Re: virus: _____ of Virus

Brett Lane Robertson (unameit@tctc.com)
Wed, 26 Nov 1997 18:31:48 -0500


At 08:42 AM 11/26/97 -0800, you wrote:
>Brett Lane Robertson wrote:
>>
>snip
>
>> If you are interested...'I' tend to think that the developmental point in
>> history when Buddhism developed was this "point in development where the
>> *bad* memes start propagating" (or its equivalent in an individual). That
>> is, the idea of "object permanence" should not be limited to the idea that
>> the only permanent object which might exist is void, or nothing.
>> Brett
>>
>
>snip
>
>Whoa... I think I told you earlier that some of your messages I save to
>read at times when I am alert, to mull and ponder. This one I had to
>print.
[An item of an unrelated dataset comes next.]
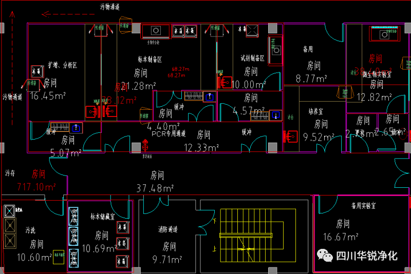 醫(yī)院檢驗科主要由醫(yī)生通道、污物通道、樣品接收等通道形成,主要功能房間有PCR實驗室、擴增分析區(qū)、標本制備區(qū)、試劑制備區(qū)、微生物實驗室、污物清洗間、備用實驗室、臨檢生化檢驗大廳、體液室、標本前處理室、收血室、發(fā)血室、儲血室、常溫庫、低溫冷庫、男女更衣室、值班室、辦公室等房間組成。

Bringing in the concept of male and female gender issues into
>the discussion sort of came out of left field for me. I have always
>just assumed that things we (as humans) assign to gender are memes in
>themselves. Certainly in nature we see different species where gender
>roles and issues are very different from primates. Even within primate
>societies gender roles vary somewhat.
>
>Anyway, I do not feel competent to reply to this right now. So I will
>flag it for further response later.
>
>BTW, there are gender-ambiguous names and IMHO Brett is one of them.
>Somehow I have concluded that you are male. Not that this makes any
>difference, but now I am curious.
>
>Non gender-ambiguous
>
>Marie

List,

I would like to explore my own ideas with the group, too. But there tend to
be lots of ideas hinted at in each post. This is one such post. Maybe if I
limit my posts to one idea sommehow? Like, religion and government: Do
people see religion as a female characteristic...government as male? Does
the idea that women seem more social and more family oriented imply that
government is more approriately a "feminine" persuit? (though this point was
really secondary to the idea that *developmentally* we learn to sacrifice
the individual for the group and many people find "void" to be the name for
the all-inclusive permanence which allows this enmeshment to happen...oops,
two ideas in the same post).

I am male. I wonder sometimes what the real people on the other side of my
computer screen look like so I can fit them into neat categories. It is a
difficult habit to overcome, but could be considered an advantage...that
everyone is equal in cyberspace (to a certain extent) regardless of sex,
race, handicap, age, religion, etc....

Brett

Returning,
rBERTS%n
http://www.tctc.com/~unameit/makepage.htm

Show respect for age. Drink good Scotch for a change.